A library for evaluation of Grammatical Error Correction.

Install

pip install git+https://github.com/gotutiyan/gec-metrics
python -m spacy download en_core_web_sm

Or,

git clone git@github.com:gotutiyan/gec-metrics.git
cd gec-metrics
pip install -e ./
python -m spacy download en_core_web_sm

Common Usage

API

gec_metrics.get_metric() supports ['errant', 'gleu', 'gleuofficial', 'green', 'gotoscorer', 'impara', 'some', 'scribendi'].

from gec_metrics import get_metric
metric_cls = get_metric('gleu')
metric = metric_cls(metric_cls.Config())
srcs = ['This sentences contain grammatical error .']
hyps = ['This sentence contains an grammatical error .']
refs = [
    ['This sentence contains an grammatical error .'],
    ['This sentence contains grammatical errors .']
] # (num_refs, num_sents)

# Corpus-level score
# If the metric is reference-free, the argument `references=` is not needed.
corpus_score: float = metric.score_corpus(
    sources=srcs,
    hypotheses=hyps,
    references=refs
)
# Sentence-level scores
sent_scores: list[float] = metric.score_sentence(
    sources=srcs,
    hypotheses=hyps,
    references=refs
)

CLI

  • As the corresponding configurations differ depending on the metric, they are described and entered in yaml.
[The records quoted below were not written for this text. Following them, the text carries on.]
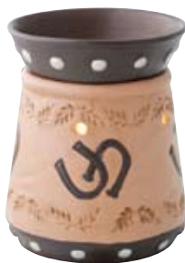
Wild West DSW-WEST $30
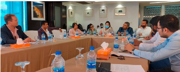
Nearly 30 people took part in the roundtable in Dhaka
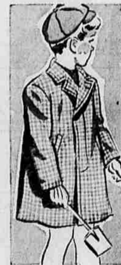
SMART TWEED TOPCOATS FOR LITTLE BOYS 7.98

Sizes 4 to 10. Long wearing blends of wool and rayon. Solid color suede cloth fronts with herringbone or checked backs. Brown, blue shades.
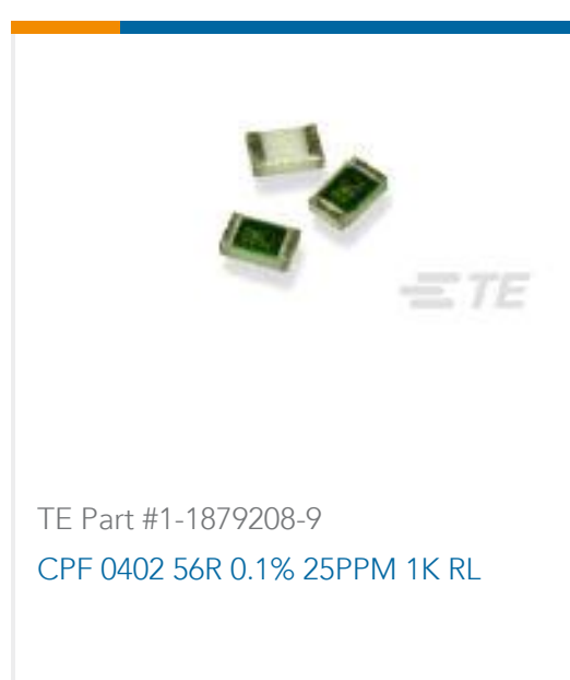
TE Part #1-1879208-9 CPF 0402 56R 0.1% 25PPM 1K RL

If no yaml is provided, the default configuration is used.
  • --metric supports ['errant', 'gleu', 'gleuofficial', 'green', 'gotoscorer', 'impara', 'some', 'scribendi'].
  • You can input multiple hypotheses,
gecmetrics-eval \
    --src <sources file> \
    --hyps <hypotheses file 1> <hypotheses file 2> ... \
    --refs <references file 1> <references file 2> ... \
    --metric <metric id> \
    --config config.yaml

# The output will be:
# Score=XXXXX | Metric=<metric id> | hyp_file=<hypotheses file 1>
# Score=XXXXX | Metric=<metric id> | hyp_file=<hypotheses file 2>
# ...

The config.yaml with default values can be generated via gecmetrics-gen-config.
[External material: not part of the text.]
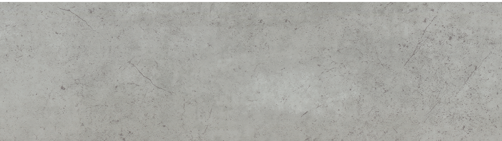
9969 | Light Industrial Concrete

gecmetrics-gen-config > config.yaml

Metrics

gec-metrics supports the following metrics.
All of arguments in the following examples indicate default values.

Reference-based

M2

To be added.

GLEU+ [Napoles+ 15] [Napoles+ 16]

from gec_metrics import get_metric
metric_cls = get_metric('gleu')
metric = metric_cls(metric_cls.Config(
    iter=500,  # The number of iterations 
    n=4,  # max n-gram
    unit='word'  # 'word' or 'char'
))

We also provide a reproduction of the official implementation as GLEUOfficial.
The official one ignores ngram frequency differences when calculating the difference set between source and reference.
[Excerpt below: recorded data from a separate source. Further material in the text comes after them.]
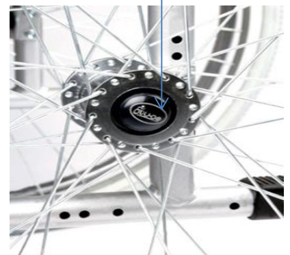
Quick Release Button

IMPORTANT: The wheelchair has not been tested as a seat in a motor vehicle. Users should always transfer to the vehicle's seat and the wheelchair should be safely stowed away.
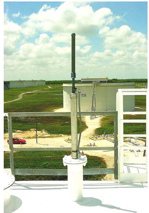
DataStik™ Installed on Storage Tank

True "Stand-Alone" Tank Gauging No power or wiring required! Tanks up to 50 ft!
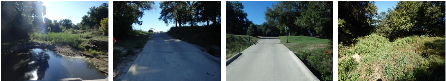
Photo group 12b: Site AC05 at 150m: From Left to Right; downstream, left bank, right bank, upstream. Taken on trip 2, 9/26/2024.
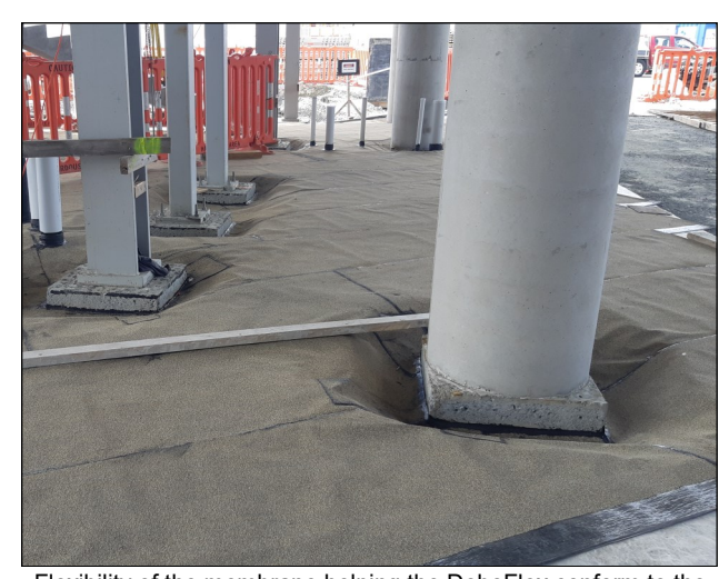
Flexibility of the membrane helping the DeboFlex conform to the substrate
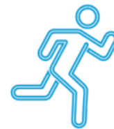
Middle Gorge Park (Parks Victoria)
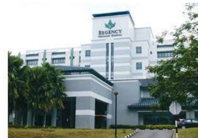
Regency Specialist Hospital

from gec_metrics import get_metric
metric_cls = get_metric('gleuofficial')
metric = metric_cls(metric_cls.Config(
    iter=500,  # The number of iterations 
    n=4,  # max n-gram
    unit='word'  # 'word' or 'char'
))

ERRANT [Felice+ 16] [Bryant+ 17]

from gec_metrics import get_metric
metric_cls = get_metric('errant')
metric = metric_cls(metric_cls.Config(
    beta=0.5,  # The beta for F-beta score
    language='en'  # Language for SpaCy.
))

GoToScorer [Gotou+ 20]

from gec_metrics import get_metric
metric_cls = get_metric('gotoscorer')
metric = metric_cls(metric_cls.Config(
    beta=0.5,  # The beta for F-beta score
    ref_id=0,  # The reference id
    no_weight=False,  # If True, all weights are 1.0
    weight_file=''  # It is required if no_weight=False
))

You can generate a weight file via gecmetrics-gen-gotoscorer-weight.
The output is a JSON file.

gecmetrics-gen-gotoscorer-weight \
    --src <raw text file> \
    --ref <raw text file> \
    --hyp <raw text file 1> <raw text file 2> ... <raw text file N> \
    --out weight.json

PT-M2 [Gong+ 22]

To be added.

PT-ERRANT [Gong+ 22]

from gec_metrics import get_metric
metric_cls = get_metric('pterrant')
weight_model_id = 'bertscore'
weight_model_cls = get_metric(weight_model_id)
metric = metric_cls(metric_cls.Config(
    beta=0.5,
    weight_model_name=weight_model_id,
    weight_model_config=weight_model_cls.Config(  # Optional: you can pass config
        score_type='f',
        rescale_with_baseline=True
    )
))

CLEME [Ye+ 23]

To be added.

GREEN [Koyama+ 24]

from gec_metrics import get_metric
metric_cls = get_metric('green')
metric = metric_cls(metric_cls.Config(
    n=4,  # Max n of ngram
    beta=2.0,  # The beta for F-beta
    unit='word'  # 'word' or 'char'. Choose word-level or character-level
))

Reference-based (but sources-free)

These metrics are intended to be used for a component of PT-{M2, ERRANT}, but are also exposed to API.

BERTScore [Zhang+ 19]

The default config follows the default setting of [Gong+ 22].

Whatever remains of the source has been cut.